Agent skill

ollama-local

Local LLM inference with Ollama. Use when setting up local models for development, CI pipelines, or cost reduction. Covers model selection, LangChain integration, and performance tuning.

View SKILL.md on GitHub Repository

Stars 163

Forks 31

Install this agent skill to your Project

npx add-skill https://github.com/majiayu000/claude-skill-registry/tree/main/skills/development/ollama-local

SKILL.md

Ollama Local Inference

Run LLMs locally for cost savings, privacy, and offline development.

When to Use

CI/CD pipelines (93% cost reduction)
Development without API costs
Privacy-sensitive data
Offline environments
High-volume batch processing

Quick Start

bash

# Install Ollama
curl -fsSL https://ollama.ai/install.sh | sh

# Pull models
ollama pull deepseek-r1:70b      # Reasoning (GPT-4 level)
ollama pull qwen2.5-coder:32b    # Coding
ollama pull nomic-embed-text     # Embeddings

# Start server
ollama serve

Recommended Models (M4 Max 256GB)

Task	Model	Size	Notes
Reasoning	`deepseek-r1:70b`	~42GB	GPT-4 level
Coding	`qwen2.5-coder:32b`	~35GB	73.7% Aider benchmark
Embeddings	`nomic-embed-text`	~0.5GB	768 dims, fast
General	`llama3.2:70b`	~40GB	Good all-around

LangChain Integration

python

from langchain_ollama import ChatOllama, OllamaEmbeddings

# Chat model
llm = ChatOllama(
    model="deepseek-r1:70b",
    base_url="http://localhost:11434",
    temperature=0.0,
    num_ctx=32768,      # Context window
    keep_alive="5m",    # Keep model loaded
)

# Embeddings
embeddings = OllamaEmbeddings(
    model="nomic-embed-text",
    base_url="http://localhost:11434",
)

# Generate
response = await llm.ainvoke("Explain async/await")
vector = await embeddings.aembed_query("search text")

Tool Calling with Ollama

python

from langchain_core.tools import tool

@tool
def search_docs(query: str) -> str:
    """Search the document database."""
    return f"Found results for: {query}"

# Bind tools
llm_with_tools = llm.bind_tools([search_docs])
response = await llm_with_tools.ainvoke("Search for Python patterns")

Structured Output

python

from pydantic import BaseModel, Field

class CodeAnalysis(BaseModel):
    language: str = Field(description="Programming language")
    complexity: int = Field(ge=1, le=10)
    issues: list[str] = Field(description="Found issues")
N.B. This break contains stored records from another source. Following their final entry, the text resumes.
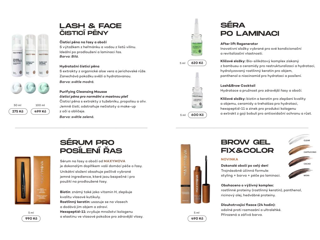 Medzi ikonické produkty MAXYMOVA patrí napríklad zlatá rada pre lash lifting – prvá na svete, ktorá obsahovala zlaté čiastočky pre atraktívnu prezentáciu na sociálnych sieťach, ďalej After Lift Regenerator, jeden z prvých vypĺňačov rias na trhu, či Amino Prep, špeciálny prípravok, ktorý regeneruje riasy pred lamináciou a zároveň urýchľuje prenikanie aktívnych zložiek.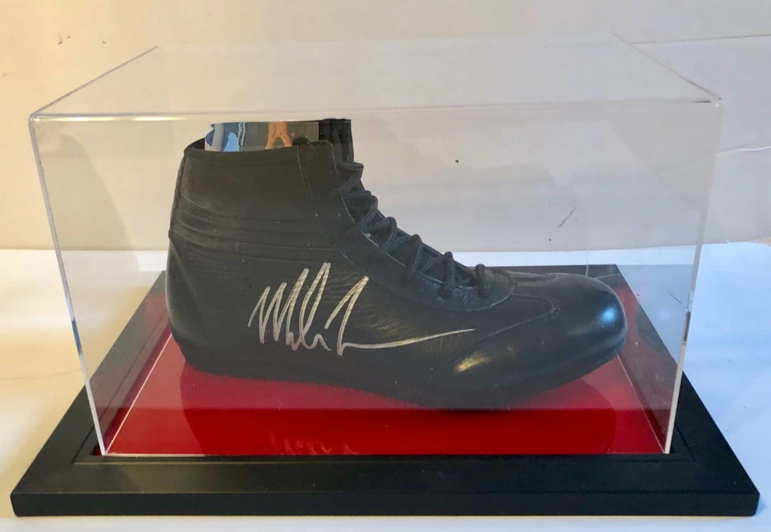 This Mike Tyson Autographed Rare Black Custom made Boxing Boot JSA Certified, has been personally signed by Mike Tyson and JSA Certified. Signed In Bold Silver Marker. Autographs Comes fully certified and tamper-evident JSA Sticker. Also backed by iconsofboxing.com Authenticity Guarantee. Photo of Signing available. This is From my very own Collection!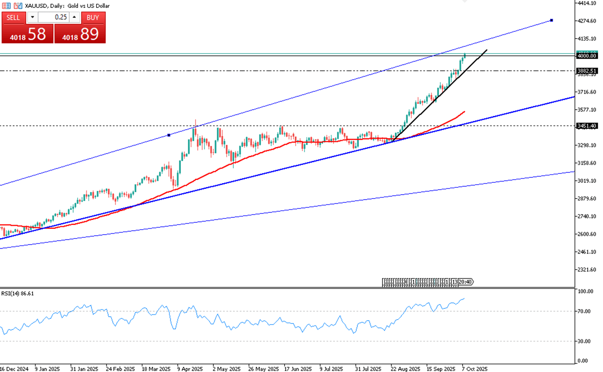 Gold’s strong rally persisted, with prices firmly surpassing the key $4,000 level. Ongoing global uncertainty continues to push investors toward safe-haven assets such as the US dollar and gold. However, the metal appears significantly overbought on the daily chart, indicating a potential short-term correction before resuming its upward trend.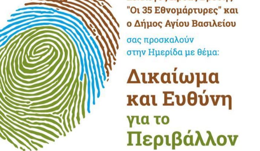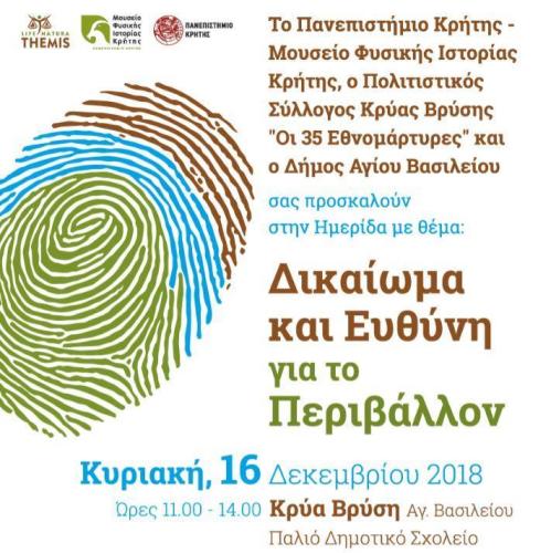 Στο πλαίσιο αυτό, η εκστρατεία ενημέρωσης του κοινού με τίτλο «Δικαίωμα και Ευθύνη για το Περιβάλλον», συνεχίζεται με τη διοργάνωση της 2ης ημερίδας του έργου την Κυριακή 16 Δεκεμβρίου 2018 στις 11.00-14.00 στην Κρύα Βρύση Δήμου Αγίου Βασιλείου σε συνεργασία με τον Πολιτιστικό Σύλλογο Κρύας Βρύσης «Οι 35 Εθνομάρτυρες» και την υποστήριξη του Δήμου Αγίου Βασιλείου. Η ημερίδα θα πραγματοποιηθεί στο Παλαιό Δημοτικό Σχολείο της Κρύας Βρύσης.
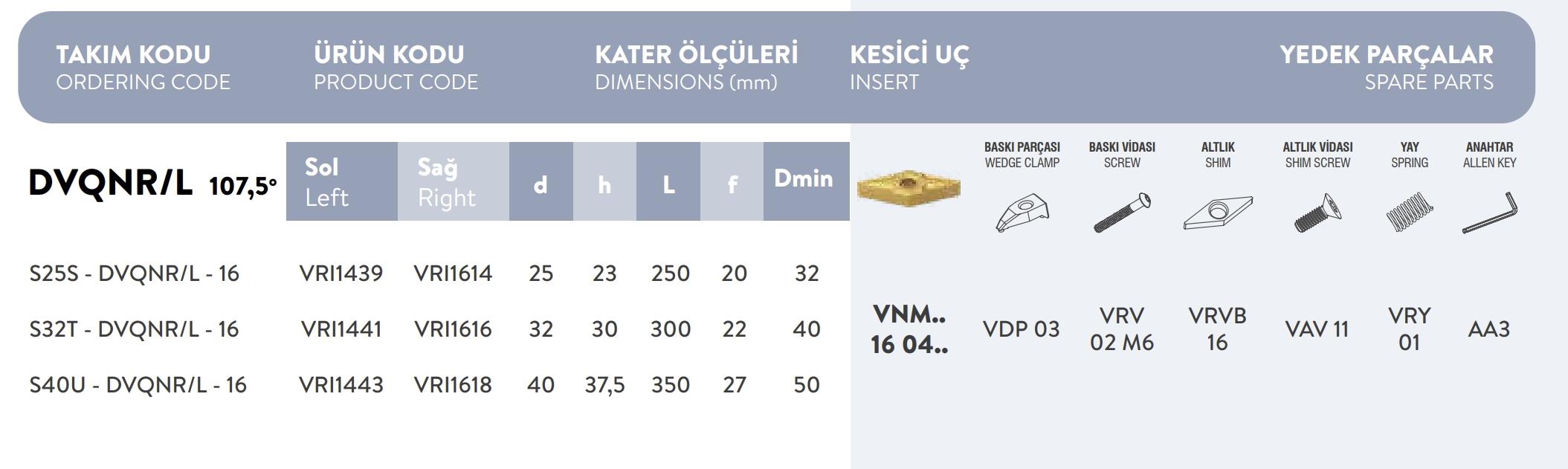 Fett S50V – DVQNR/L – 16 Vorgen D Sistem Delik Torna Kateri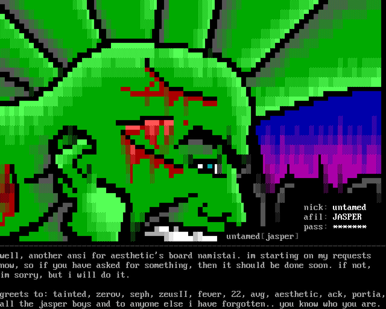 greets to: tainted, zerov, seph, zeusII, fever, 22, avg, aesthetic, ack, portia,all the jasper boys and to anyone else i have forgotten.. you know who you are.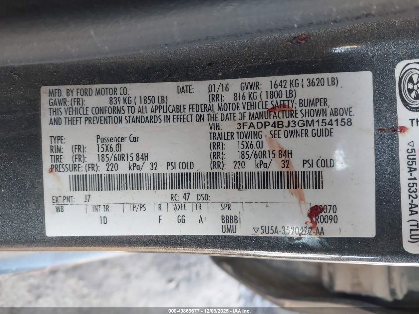 Колір СірийЦиліндри 4Привід Передній привідVIN 3FADP4BJ3GM154158Стан СтаціонарноУшкодження Перекидання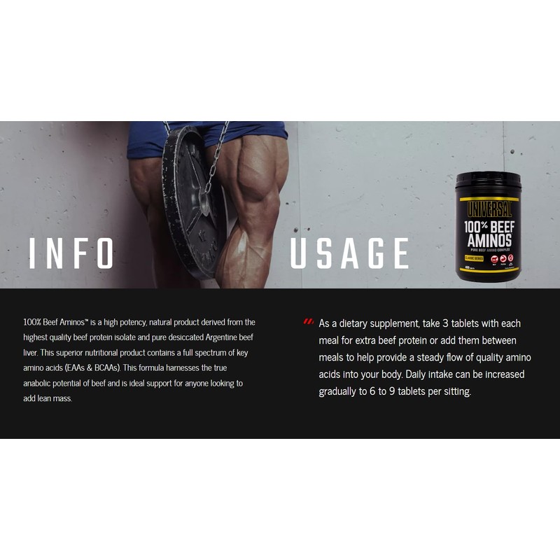 - SUSTAINED-RELEASE: Universal 100% Beef Amino Tablets contain sustained-release beef aminos to ensure that you have a constant amount of beef aminos at all times and to provide a steady flow of quality amino acids into your body with Easy to digest and convenient tablets

structured_llm = llm.with_structured_output(CodeAnalysis)
result = await structured_llm.ainvoke("Analyze this code: ...")
# result is typed CodeAnalysis object

Provider Factory Pattern

python

import os

def get_llm_provider(task_type: str = "general"):
    """Auto-switch between Ollama and cloud APIs."""
    if os.getenv("OLLAMA_ENABLED") == "true":
        models = {
            "reasoning": "deepseek-r1:70b",
            "coding": "qwen2.5-coder:32b",
            "general": "llama3.2:70b",
        }
        return ChatOllama(
            model=models.get(task_type, "llama3.2:70b"),
            keep_alive="5m"
        )
    else:
        # Fall back to cloud API
        return ChatOpenAI(model="gpt-4o")

# Usage
llm = get_llm_provider(task_type="coding")

Environment Configuration

bash

# .env.local
OLLAMA_ENABLED=true
OLLAMA_HOST=http://localhost:11434
OLLAMA_MODEL_REASONING=deepseek-r1:70b
OLLAMA_MODEL_CODING=qwen2.5-coder:32b
OLLAMA_MODEL_EMBED=nomic-embed-text

# Performance tuning (Apple Silicon)
OLLAMA_MAX_LOADED_MODELS=3    # Keep 3 models in memory
OLLAMA_KEEP_ALIVE=5m          # 5 minute keep-alive

CI Integration

yaml

# GitHub Actions (self-hosted runner)
jobs:
  test:
    runs-on: self-hosted  # M4 Max runner
    env:
      OLLAMA_ENABLED: "true"
    steps:
      - name: Pre-warm models
        run: |
          curl -s http://localhost:11434/api/embeddings \
            -d '{"model":"nomic-embed-text","prompt":"warmup"}' > /dev/null

      - name: Run tests
        run: pytest tests/

Cost Comparison

Provider	Monthly Cost	Latency
Cloud APIs	~$675/month	200-500ms
Ollama Local	~$50 (electricity)	50-200ms
Savings	93%	2-3x faster

Best Practices

DO use keep_alive="5m" in CI (avoid cold starts)
DO pre-warm models before first call
DO set num_ctx=32768 on Apple Silicon
DO use provider factory for cloud/local switching
DON'T use keep_alive=-1 (wastes memory)
DON'T skip pre-warming in CI (30-60s cold start)

Troubleshooting

bash

# Check if Ollama is running
curl http://localhost:11434/api/tags

# List loaded models
ollama list

# Check model memory usage
ollama ps

# Pull specific version
ollama pull deepseek-r1:70b-q4_K_M

Related Skills

embeddings - Embedding patterns (works with nomic-embed-text)
llm-evaluation - Testing with local models
cost-optimization - Broader cost strategies

Maintainer

majiayu000 Core maintainer

Source details

Full Name: majiayu000/claude-skill-registry
Branch: main
Path in repo: skills/development/ollama-local
License: MIT License

Featured Tools

Join Our Newsletter

Stay updated with the latest AI tools, news, and offers by subscribing to our weekly newsletter.

Recommended Agent Skills

Expand your agent's capabilities with these related and highly-rated skills.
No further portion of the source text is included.